Top of Material to process

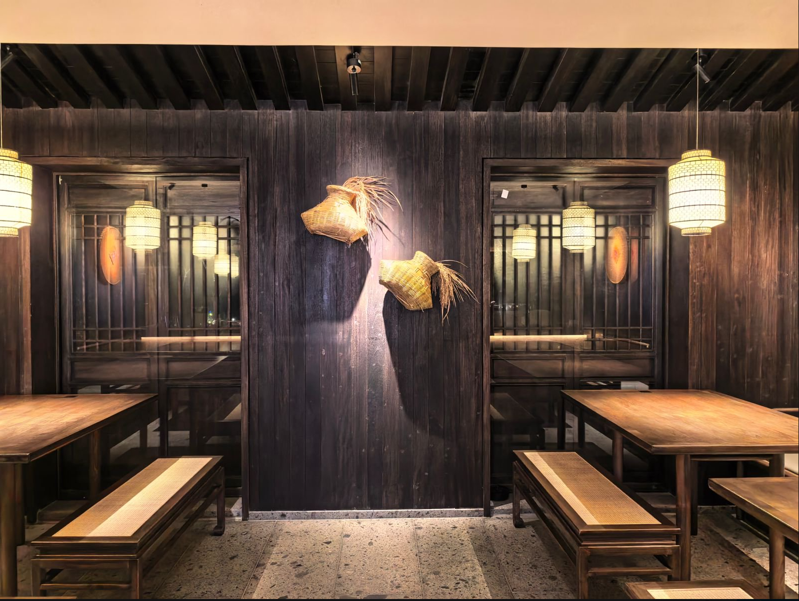 深色木壁与竹编饰物交织,简洁而克制。两侧木桌排布整齐,墙上的灯影若浮雕般静默,带来一种安稳的秩序感。
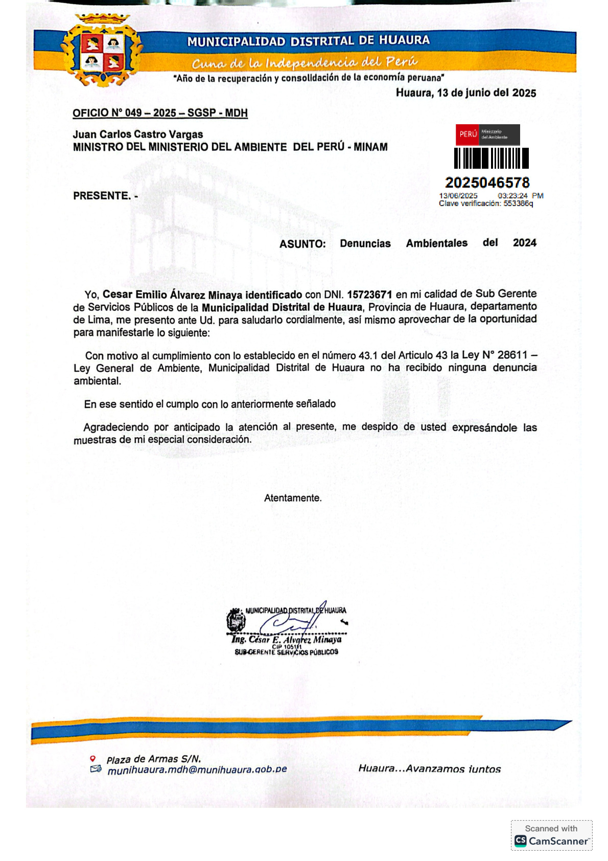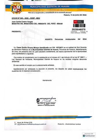 Informe sobre reporte de denuncias ambiental es anuales 2024 Municipalidad Distrital de Huaura
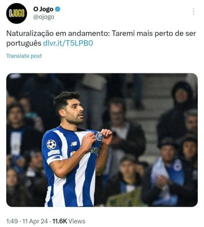 روزنامه پرتغالی «ojogo» مدعی شد: 🔹طارمی گامهای نخست اداری را برای دریافت ملیت پرتغالی برداشته است و قصد دارد در سال ۲۰۲۴ تابعیت این کشور را به دست بیاورد. 🔹طارمی در ابتدای سال جاری میلادی مجوز اقامت دائم در کشور پرتغال را به دست آورده است که یکی از شروط اساسی برای اخذ تابعیت این…
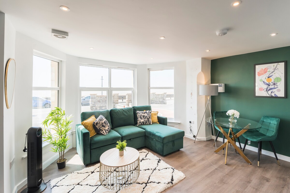 Private Living Space: A cosy living room with a sofa bed and stunning sea views from the bay windows.
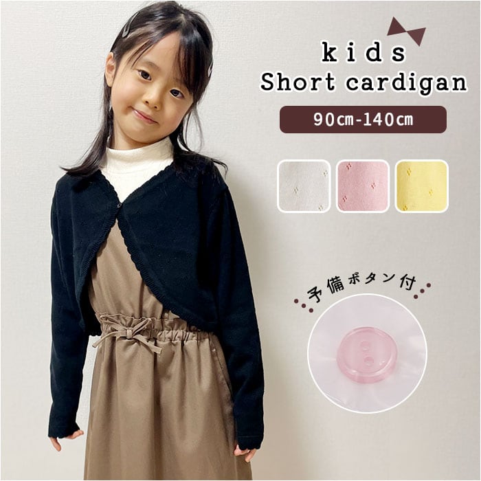 カーディガン キッズ ショート丈 長袖 通販 ボレロ フォーマル 羽織り 上着 はおりもの かわいい 100% コットン 綿 子供 こども 子ども シンプル おしゃれ 子供服 発表会 パーティードレス 韓国 防寒
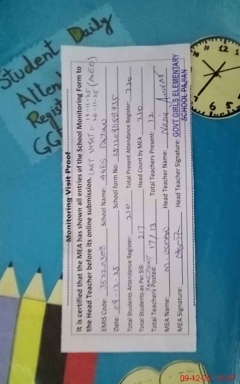 | Attendance Register | Head Teacher | MEA with School | Visit Proof |
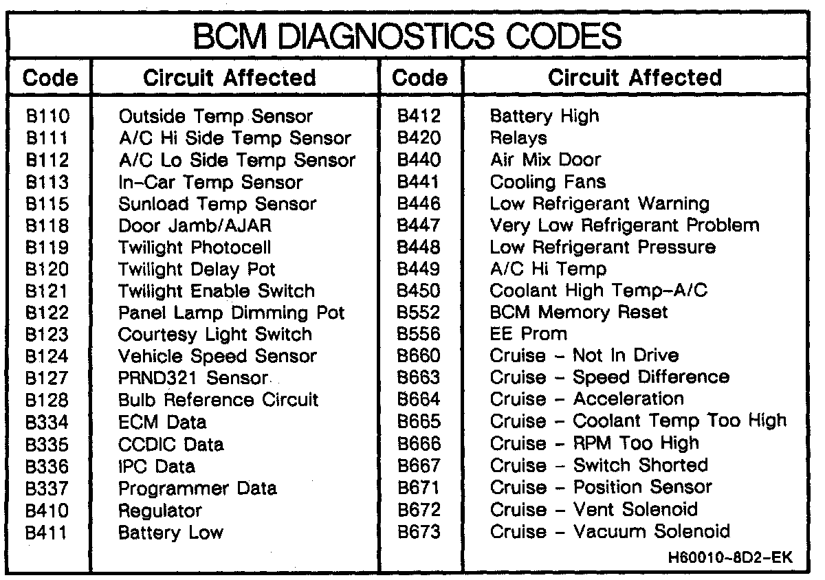 BCM Diagnostic Codes:
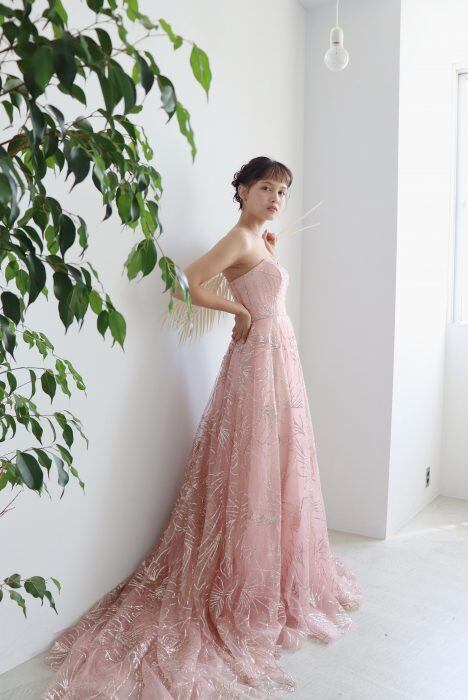パーティードレス ピンク ベアトップ 花嫁 二次会 拳式 可愛い 編み上げ キラキラ カラードレス
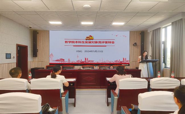(学生通讯员:闫随心/摄影:闫随心)为进一步贯彻落实《中国共产党发展党员工作细则》相关规定,提高党员队伍的整体素质,5月23日,哲学院在文沛楼二楼会议室召开2024年本科生发展对象竞评答辩会。哲学院党委副书记徐江,院学办主任、本科生第二党支部书记毛丹丹,院分团委书记、本科生第一党支部书记陈意萍,院党务秘书、本科生辅导员汤彪出席此次答辩会,学生党员代表以及51名入党积极分子参与会议。活动由王婧巧同志主持。
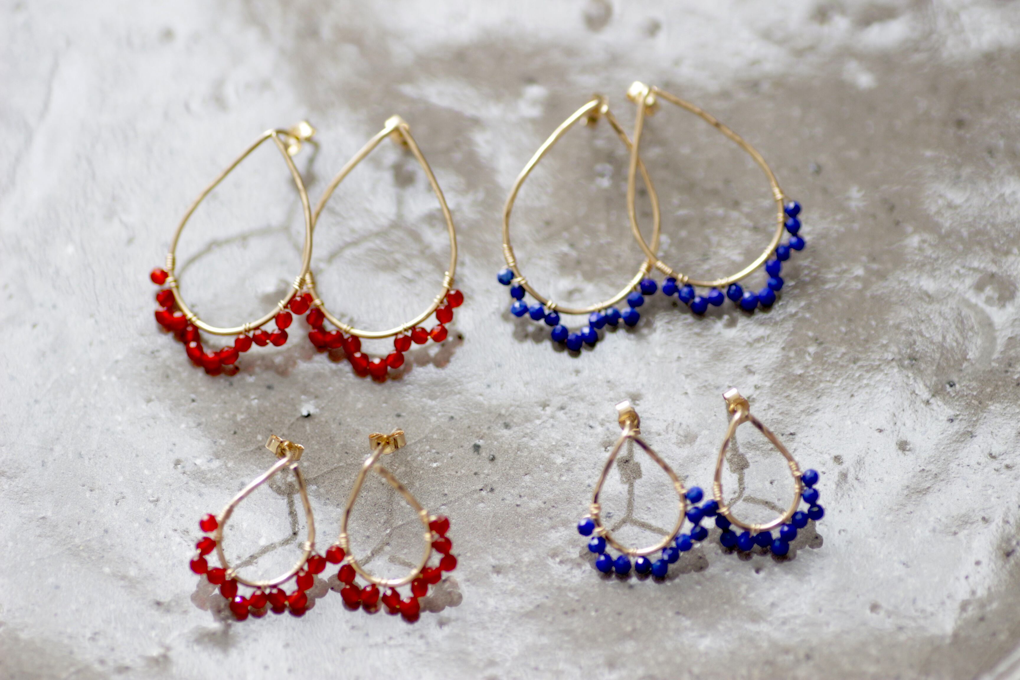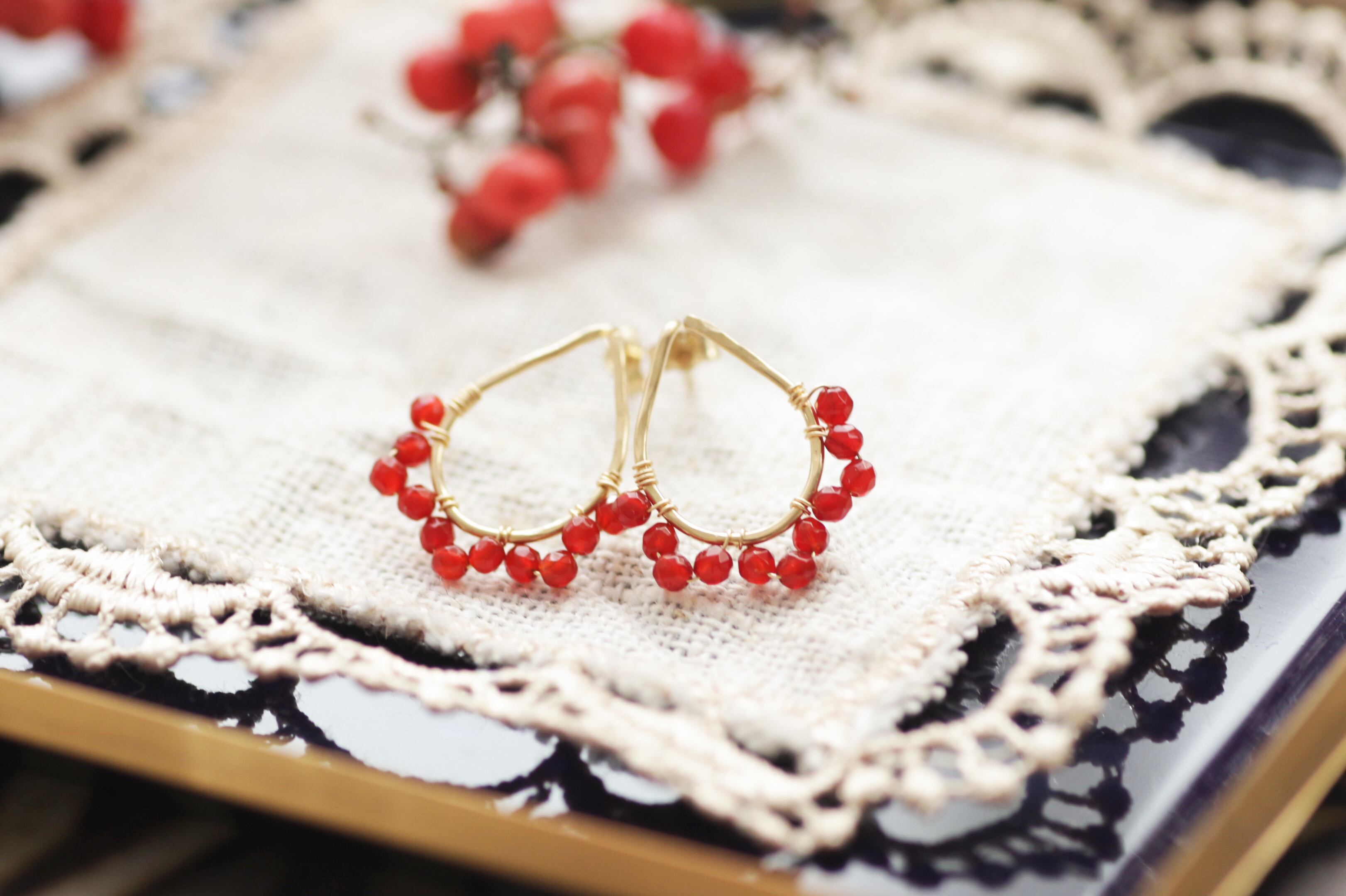 小さめ(約1.8cm)のドロップモチーフを、小さな赤いシードで飾ったピアスです。
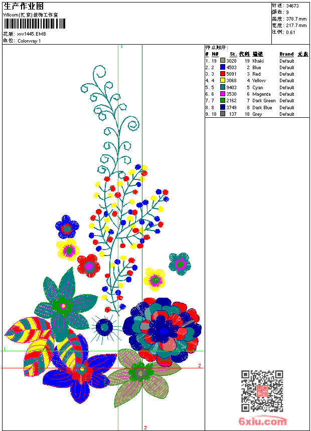- emb花版参数: 大小:200.00 KB / 尺寸:218*379[毫米] / 针数:34673针 / 线色:9 / 格式:emb / 版本:9
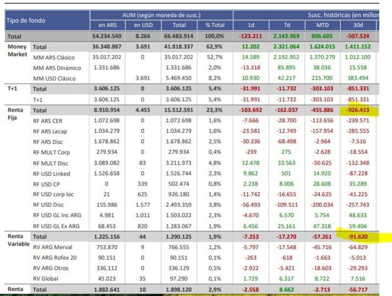 En paralelo, los fondos T+1, que suelen funcionar como un escalón intermedio entre money market y renta fija, también mostraron fuertes rescates por más de $ 850.000 millones.
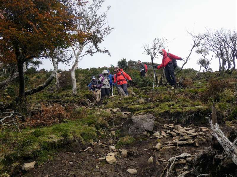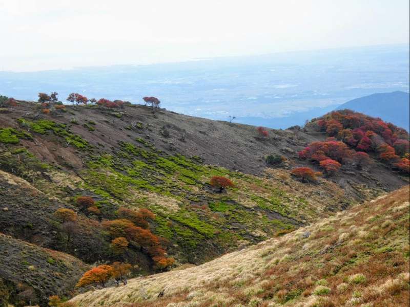 11月1日(伊吹山):伊吹山は登山道崩壊のため麓からは登れず、伊吹山ドライブウェイ9合目駐車場から山頂まで標高差100mあまりを登る選択肢しかない。駐車場から登りは中央登山道、下りは東登山道を使って周回した。西登山道は工事中で通行禁止。中腹までは晴れていて紅葉がきれいだったが、山頂付近は濃霧で視界はなかった。
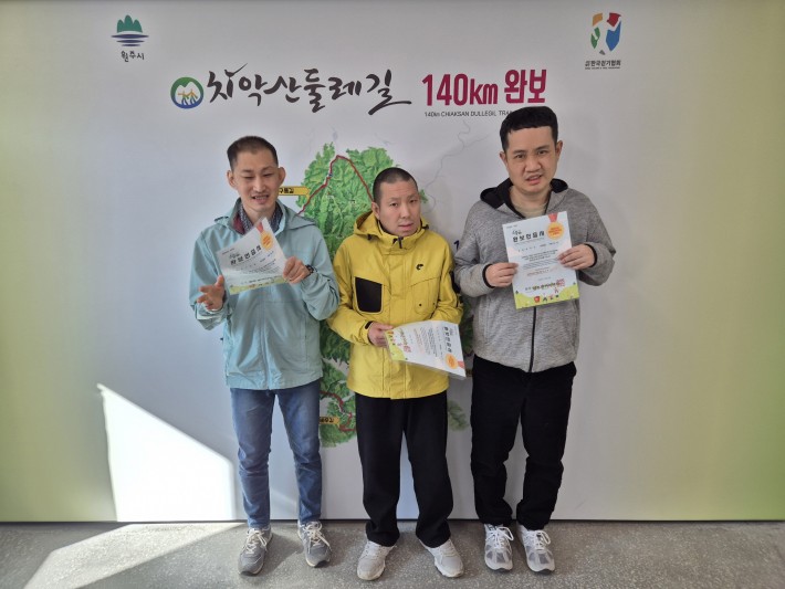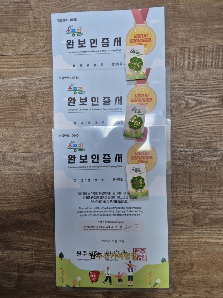 한울타리 가족들도 완보하여 자랑스럽게 인증서와 뱃지를 받았답니다.^^
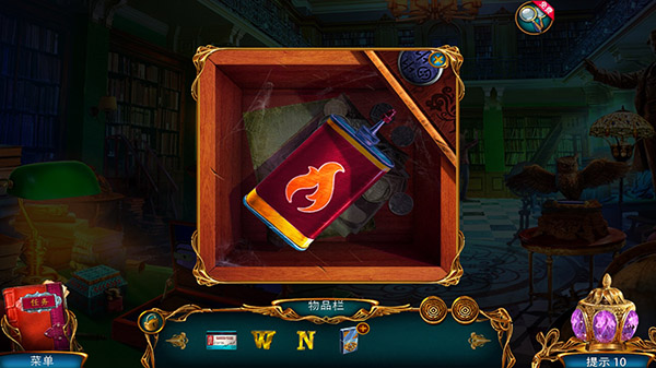 来到金色地球仪,打开获得紫外线灯和拼图嵌块1,点击猫头鹰,得到拼图嵌块2
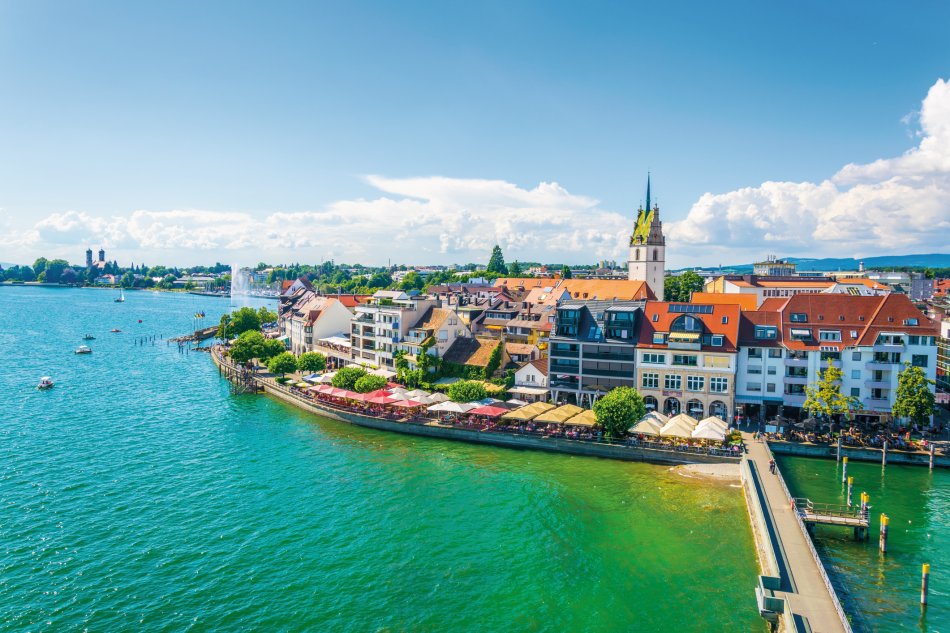 An den Ufern des Bodensees spiegeln sich sanft bewaldete Hügellandschaften, gespickt mit glanzvollen Städten und zahlreichen barocken Klöstern und Bauwerken. Der Reichtum an Naturschönheiten und das milde Klima machen den Bodenseeraum zum Anziehungspunkt vieler Besucher.
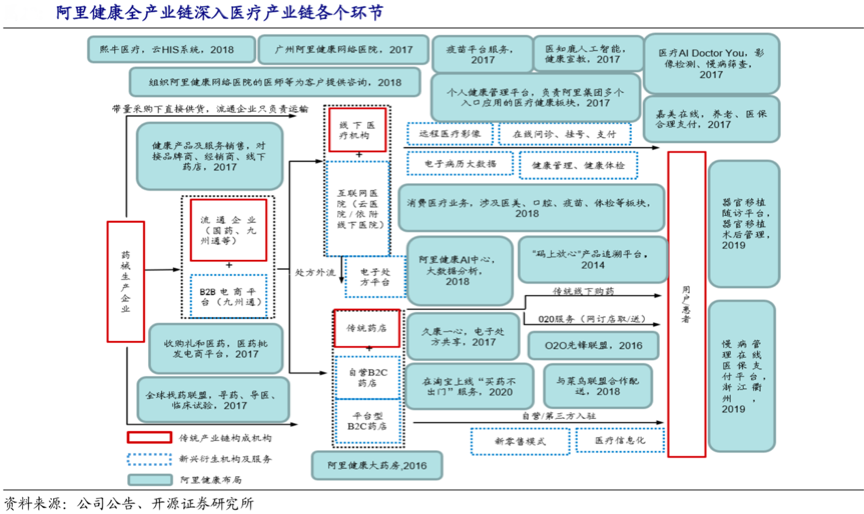經(jīng)典案例:根據(jù)公司公告、開源證券研究所等綜合資訊表明,阿里健康全產(chǎn)業(yè)鏈已經(jīng)深入到醫(yī)療產(chǎn)業(yè)鏈的各個一節(jié),其以廣州阿里健康網(wǎng)絡(luò)醫(yī)院等為醫(yī)療服務(wù)的線下落地點(diǎn),以熙牛醫(yī)療、醫(yī)療AI等為強(qiáng)技術(shù)支撐,自 2011 年起布局大健康產(chǎn)業(yè)。阿里巴巴“醫(yī)療健康服務(wù)生態(tài)”日臻完善。
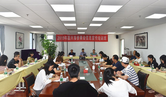 7月18日,省侨商会、嘉兴市侨商会联合举办的2019年信息宣传培训班在嘉兴市维高精工有限公司正式开班,嘉兴市委统战部副部长、市侨联主席章一川,市侨商会执行会长、浙江依爱夫游戏装文化产业有限公司董事长汪维佳与信息联络员座谈交流。
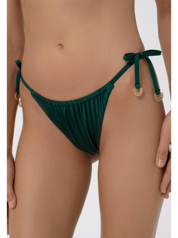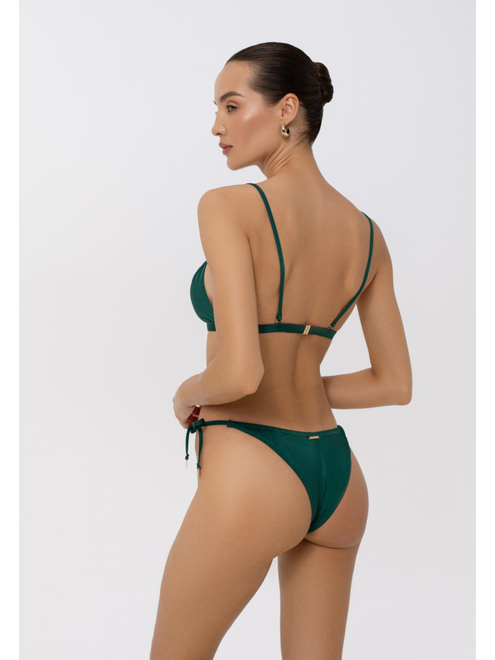 Залишаючись в елегантному тренді, який із глибоких темних відтінків обрати? Звичайно, смарагдово-зелений! Купальники серії CAPRICIOUS виготовлені з екологічного матеріалу з ультрагладкою поверхнею, завдяки якій насичений зелений відтінок красиво переливається під променями сонця. Ідеальний баланс між комфортом та розкішшю, практичним та бажаним! Жіночі плавки-міні бразиліана із заниженою лінією талії на тонких зав’язках підкреслюють фігуру, підвищений виріз бікіні додає сміливості, а обробка задньої деталі у підворіт із чистим краєм забезпечує акуратний та завершений вигляд.
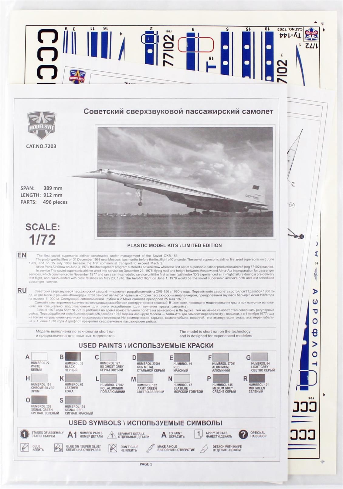 ModelSvit MSVIT7203 1/72 TUPOF TU-144 PASSENGER Aircraft Plastic Model Kit
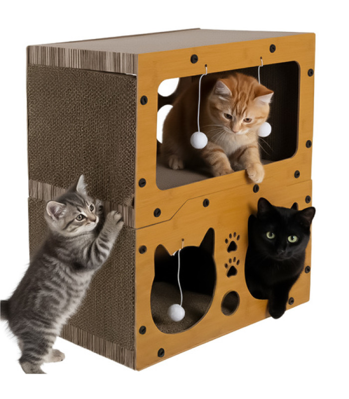 Natūrali HDF paviršiaus medžiaga efektyviai skatina draskyti, apsaugodama Jūsų baldus nuo sugadinimo. 30% tankesnė HDF plokštė nei MDF užtikrina stabilumą ir atsparumą įdubimams net esant dviem žaidžiantiems katėms. Dviaukštis namelis – du kartus daugiau komforto ir erdvės. Keturios kamuoliukai – kasdienis instinkto treniravimas: daugiau judėjimo, mažiau nuobodulio. Saugus katėms, draugiškas aplinkai – pagamintas iš ekologiškos medžiagos, be toksinų, dažų ir aštrių briaunų. Estetiškas dizainas, tinkantis bet kokiam interjerui. Paprastas surinkimas be įrankių ir streso.

Bottom of Material to process

**Work to complete:**
From the records above, give again only the part that opens with the line containing "한울타리 가족들도 완보하여 자랑스럽게 인증서와 뱃지를 받았답니다.^^" and closes with the line containing "7月18日,省侨商会、嘉兴市". Keep both ends but drop the pictures.

**Expected answer:**
 한울타리 가족들도 완보하여 자랑스럽게 인증서와 뱃지를 받았답니다.^^
 来到金色地球仪,打开获得紫外线灯和拼图嵌块1,点击猫头鹰,得到拼图嵌块2
 An den Ufern des Bodensees spiegeln sich sanft bewaldete Hügellandschaften, gespickt mit glanzvollen Städten und zahlreichen barocken Klöstern und Bauwerken. Der Reichtum an Naturschönheiten und das milde Klima machen den Bodenseeraum zum Anziehungspunkt vieler Besucher.
經(jīng)典案例:根據(jù)公司公告、開源證券研究所等綜合資訊表明,阿里健康全產(chǎn)業(yè)鏈已經(jīng)深入到醫(yī)療產(chǎn)業(yè)鏈的各個一節(jié),其以廣州阿里健康網(wǎng)絡(luò)醫(yī)院等為醫(yī)療服務(wù)的線下落地點(diǎn),以熙牛醫(yī)療、醫(yī)療AI等為強(qiáng)技術(shù)支撐,自 2011 年起布局大健康產(chǎn)業(yè)。阿里巴巴“醫(yī)療健康服務(wù)生態(tài)”日臻完善。
 7月18日,省侨商会、嘉兴市侨商会联合举办的2019年信息宣传培训班在嘉兴市维高精工有限公司正式开班,嘉兴市委统战部副部长、市侨联主席章一川,市侨商会执行会长、浙江依爱夫游戏装文化产业有限公司董事长汪维佳与信息联络员座谈交流。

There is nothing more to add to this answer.